**Exercise aim**
Write out the lines below exactly, beginning at the one with "Starting September 8, 2025, join" and stopping after the one with "فیل ماشین سوار"; the pictures are not copied.
━━━ Material for this task ━━━
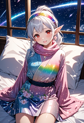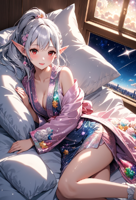8K,((cinematic light,masterpiece,best quality,Ultra extremely detailed,perfect anatomy,detailed,high-resolution,highres,extremely detailed,sharp focus:1.5)),((high-contrast:1.6,strong back-light,close-up , from_above:1.5,back,flower print , child elf wearing glossy decoration glitter light pink kimono with brilliant sequins and flills,short skirt,rainbow knit scarf,hairgrip:1.5,hairpin)),looking at viewer:1.5, ((extra detailed red Eyes with reflection)), glitter waving shining ponytail:1.5, (white hair with curly),elf ear with big earrings,big smile,wide open mouth,blush,lipstick,full fresh lips,wet-lip,big hip,big small breasts,armpit,ponytail,sleeping in bed,laying,BREAK,bed,covered futon, in room,galaxy,night sky,shooting stars, round many stars,birds,glitter city in the distance,dark cloud, big white roses,<lora:hohoaka:1> <lora:make25d_type1_v100:1>,,,,,
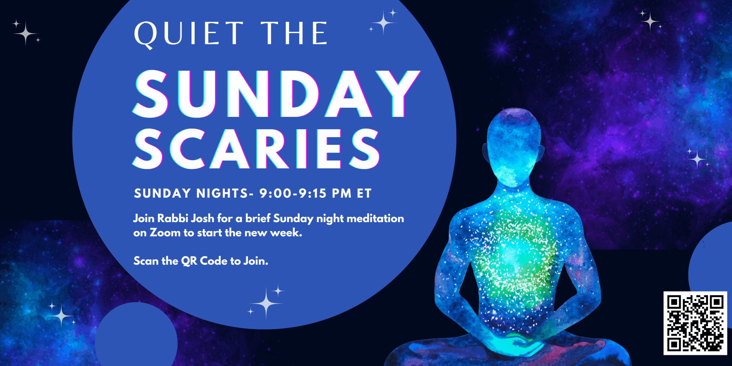 Starting September 8, 2025, join Rabbi Josh each Sunday night from 9:00-9:15 pm ET on Zoom for a brief meditation to close out the weekend and start the new week with calmness, focus, and purpose. Our meditation is open to anyone who wants a few minutes of quiet to center themselves.
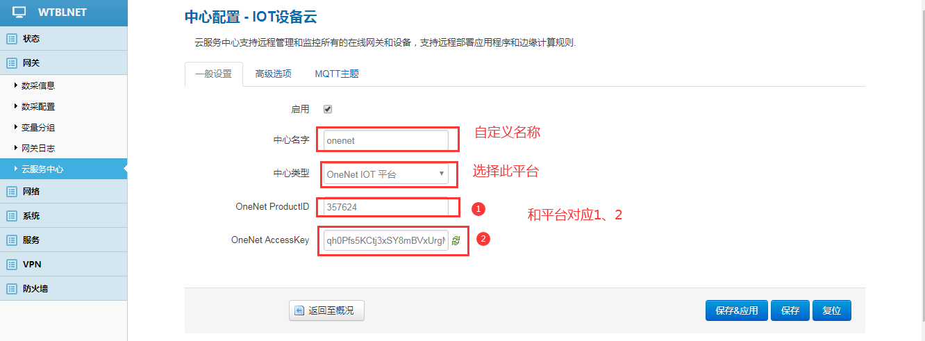 3、在網(wǎng)關(guān)配置“云服務(wù)地址”添加onenet平臺(tái)(物通博聯(lián)
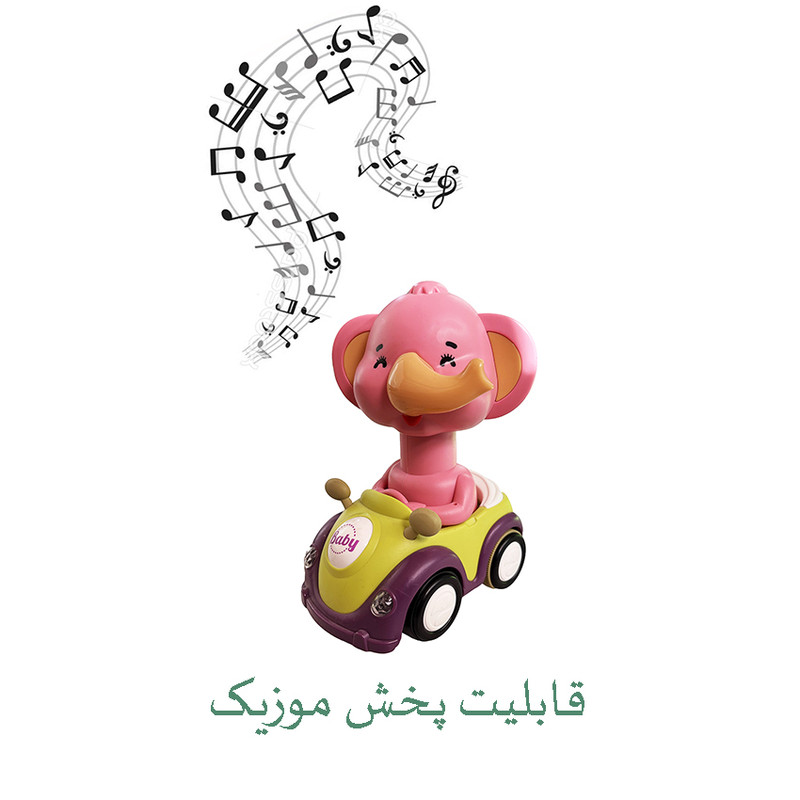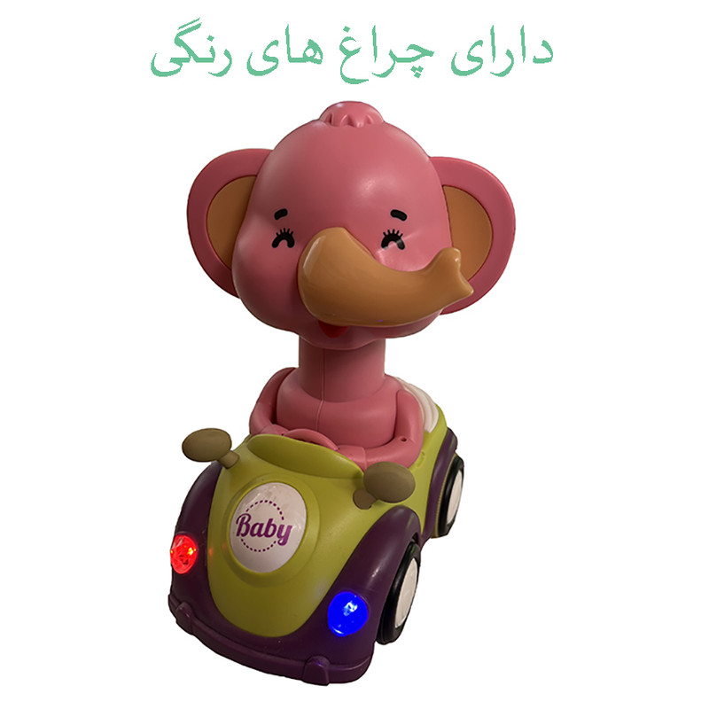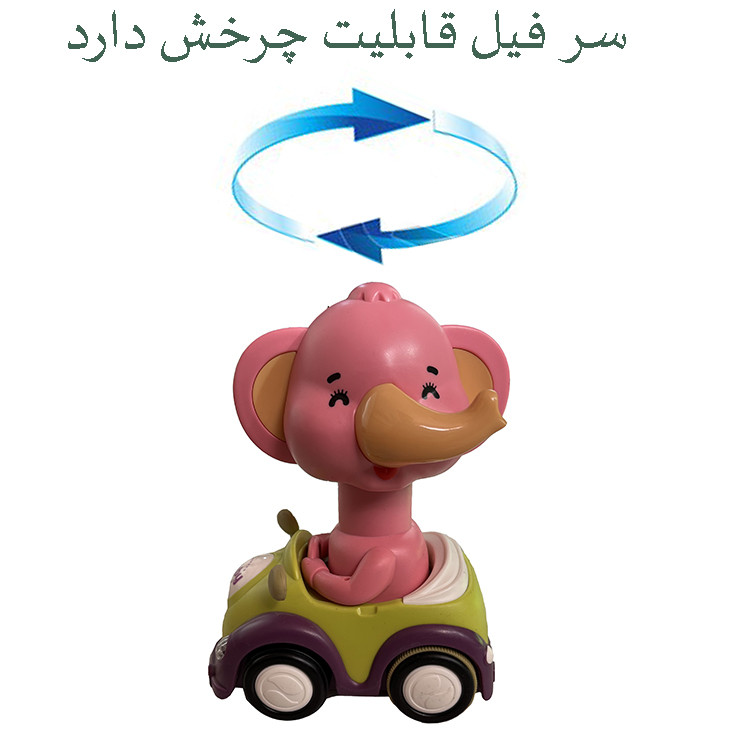 فیل ماشین سوار یک اسباب بازی کودکانه سرگرم کننده است که وقتی روشن میکنید موزیک زیبا پخش میکند و توجه کودک را جذب می کند. . این محصول دارای چراغ رنگی بوده که با روشن شدن موزیک پخش می شود و چراغ ها همزمان روشن می شوند.سر فیل قابلیت چرخش کامل دارد و در هر حالتی بخواهید می توانید آن را قرار دهید.همچنین این محصول به صورت عقب کش حرکت میکند.این اسباب بازی کودکانه از جنس پلاستیک بسیار مرغوب بوده و دارای کیفیت ساخت بسیار خوب می باشد و با سه عدد باتری کوچک روشن میشود.
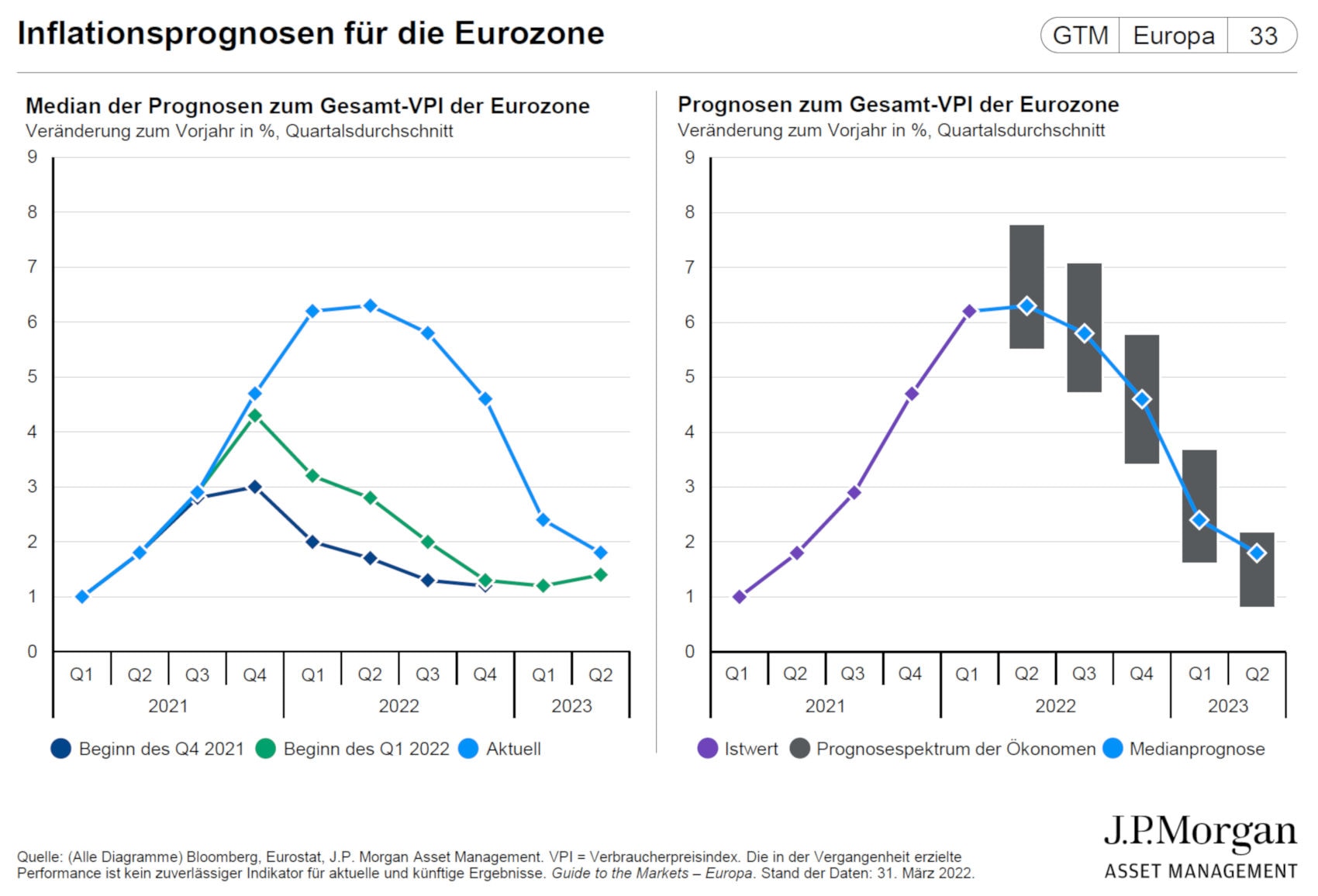 Geht es nach den Prognosen der Volkswirte, ist zumindest die Disinflation nicht weit. So geht es zumindest aus dem „Guide to the Markets“ hervor, den die Investmentfirma J.P. Morgan Asset Management (JPMAM) alle Vierteljahre veröffentlicht. Die aktuelle Ausgabe enthält Hoffnung für alle, die der Einkauf inzwischen ziemlich plagt.
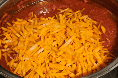 After that, put chopped sweet pepper and chopped onion in the pot and boil for another 30 minutes.
━━━
**Output below**
 Starting September 8, 2025, join Rabbi Josh each Sunday night from 9:00-9:15 pm ET on Zoom for a brief meditation to close out the weekend and start the new week with calmness, focus, and purpose. Our meditation is open to anyone who wants a few minutes of quiet to center themselves.
 3、在網(wǎng)關(guān)配置“云服務(wù)地址”添加onenet平臺(tái)(物通博聯(lián)
 فیل ماشین سوار یک اسباب بازی کودکانه سرگرم کننده است که وقتی روشن میکنید موزیک زیبا پخش میکند و توجه کودک را جذب می کند. . این محصول دارای چراغ رنگی بوده که با روشن شدن موزیک پخش می شود و چراغ ها همزمان روشن می شوند.سر فیل قابلیت چرخش کامل دارد و در هر حالتی بخواهید می توانید آن را قرار دهید.همچنین این محصول به صورت عقب کش حرکت میکند.این اسباب بازی کودکانه از جنس پلاستیک بسیار مرغوب بوده و دارای کیفیت ساخت بسیار خوب می باشد و با سه عدد باتری کوچک روشن میشود.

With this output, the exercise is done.